Most biological agents are between one and five microns in diameter.
Anthrax, for example, is 2.5 microns. High-efficiency particle air
(HEPA) filters in HVAC systems will filter out particles down to
0.3 microns. "That's very expensive, and the units must be
oversized to get enough air flow," says Gillick.
Expense generally limits HEPA use to high-security federal facilities.

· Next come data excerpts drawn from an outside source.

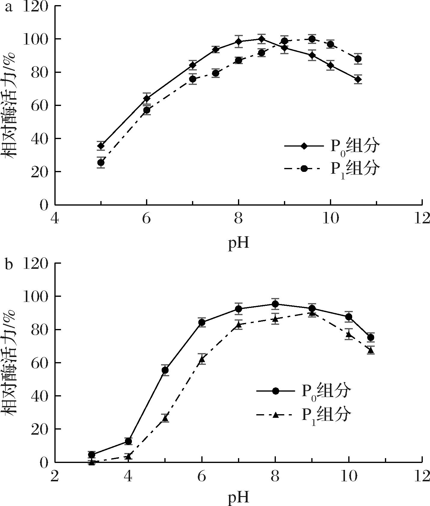 图6-b的结果显示,短小芽孢杆菌蛋白酶P0组分在pH 6~10的范围有较好的稳定性,P1组分在pH 7~10范围内有相对较好的稳定性;在酸性条件下,尤其是当pH<5.0时,2种蛋白酶组分均会变性失活;相比而言,蛋白酶P0组分的稳定性要略优于P1组分,在酸性环境中其相对酶活力均高P1组分。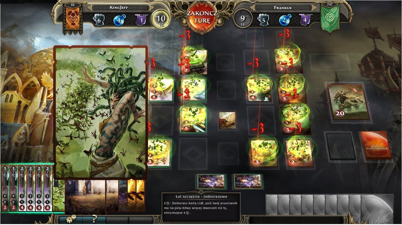 《魔法门:冠军对决》是魔法门系列的最新作品,游戏以纷争不断的 Ashan 世界为背景,在这个独具特色的大陆上,充满著神奇生物,魔法和英雄的传说。卡牌分为5 大类,分别是英雄卡 hero、单位卡 unit、事件卡 event、法术卡 spell 以及机会卡 fortune。玩家将选择一位英雄,以及5 种事件作为开始,利用卡片的特殊能力来攻击对手,直到对方英雄被击败为止。每张卡牌资料详细,玩家可以收集,也可以通过战胜对手获得,或者从游戏的商店中花钱购买。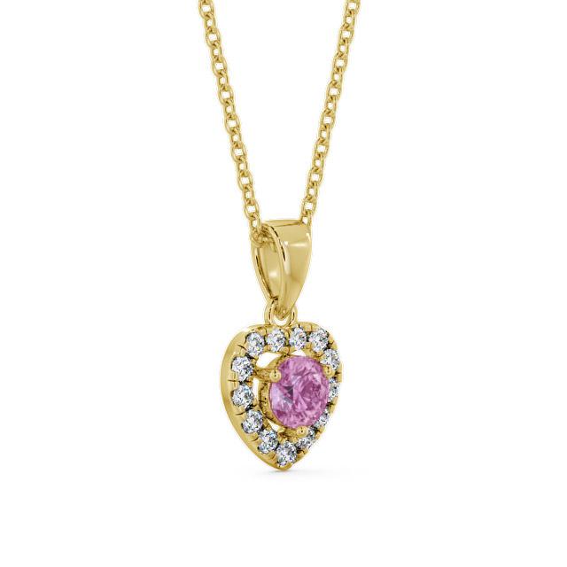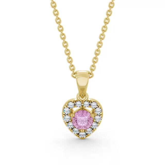 Sakina halo pink sapphire and diamond 0.90ct pendant in a 18K Yellow Gold setting. Romantically delightful, this heart design pendant features a 0.65 Carat round-shaped pink sapphire gemstone highlighted by a glimmering halo of glistening 0.25 Carat total weight of round diamonds. The pendant is available in a range of metal and chain options with AAA grade gemstones. We offer a free design service for any customised changes that you may require.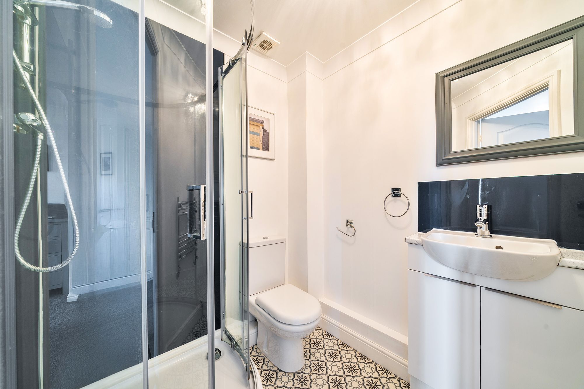 The top floor brings together two well-sized bedrooms, including a principal bedroom with its own en-suite shower room, alongside a fresh, modern family bathroom.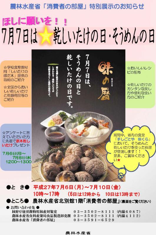 『ほしに願いを!!7月7日は☆乾しいたけの日・そうめんの日』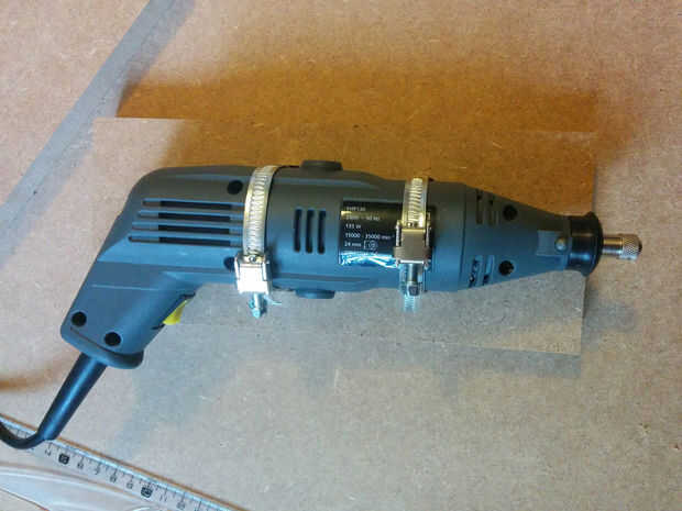 • Ahora que tiene 4 agujeros en la pieza MDF, sujete el taladro mini con las abrazaderas de manguera. Asegúrese que las abrazaderas de manguera plana en la parte de atrás.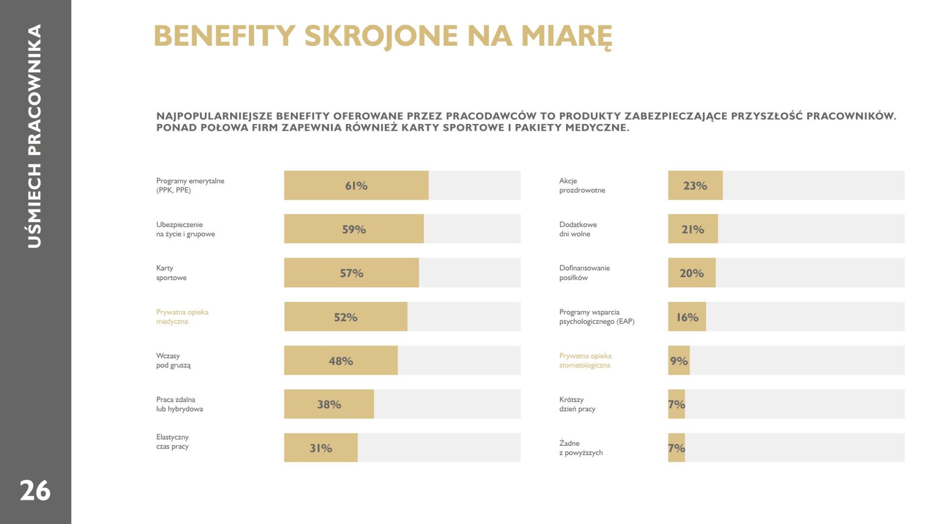 Prywatna opieka medyczna wciąż należy do najpopularniejszych i najbardziej pożądanych benefitów. Stomatologia jest jednak w ogonie: raptem 9% badanych odpowiedziało, że ma taki pakiet włączony do zestawu korzyści od pracodawcy.
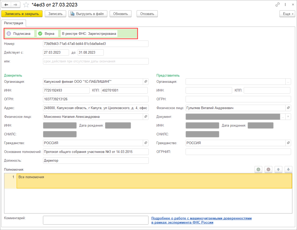 В открывшейся карточке регистрации новой машиночитаемой доверенности требуется заполнить необходимые данные и нажать «Подписать и отправить» , после чего доверенность перейдёт в статус «Подписана» «Верна» «В реестре ФНС: Отправлена»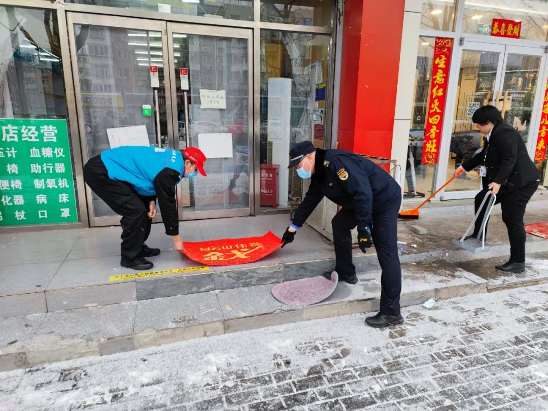 督促商业街各门店积极落实“门前三包”责任制与扫雪铲冰责任,并与商户共同开展扫雪铲冰行动,避免形成残冰积雪,引发安全事故。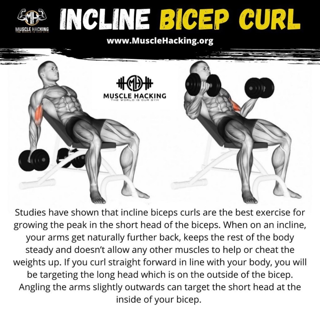 ▪️Studies have shown that incline biceps curls are the best exercise for growing the peak in the short head of the biceps.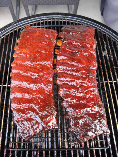 Volver a poner las costillas en su ahumador a 230F para acerca de 30 minutos para fijar su salsa.  Salsas tienen mucha azúcar así que asegúrese de vigilar para que las costillas no se quemen.

Health- care facilities often install prefilters and use HEPA units
as a final filtration system.
The U.S. State Dept.'s specifications mandate 100% filtration
of the air in U.S. embassies overseas for chemical and biological
agents. That added measure of security adds at least 5% to ventilation
system costs, says Gillick. Ultraviolet-C emitters can destroy bacteria
in ductwork, but the technology is not yet widely available. By
and large, HVAC system protections are low-tech, "but the threat
is complex," says Gillick. Most systems cannot give early warning
of contamination. "It's a problem the military has grappled
with," he says. There are systems, but they are large and cumbersome
and hard to deploy.
Not everyone agrees that protecting buildings and infrastructure
is worth the effort. "Terrorists are more likely to look at
food or beverage distribution for raw casualties," says Eric
Croddy, senior research associate at the Monterey Institute of International
Studies, Monterey, Calif. Equipping hospitals with rapid diagnoses
and detection will save more lives than building fortresses, he
says. "Castles never held out anyone that wanted in badly enough,"
Croddy adds.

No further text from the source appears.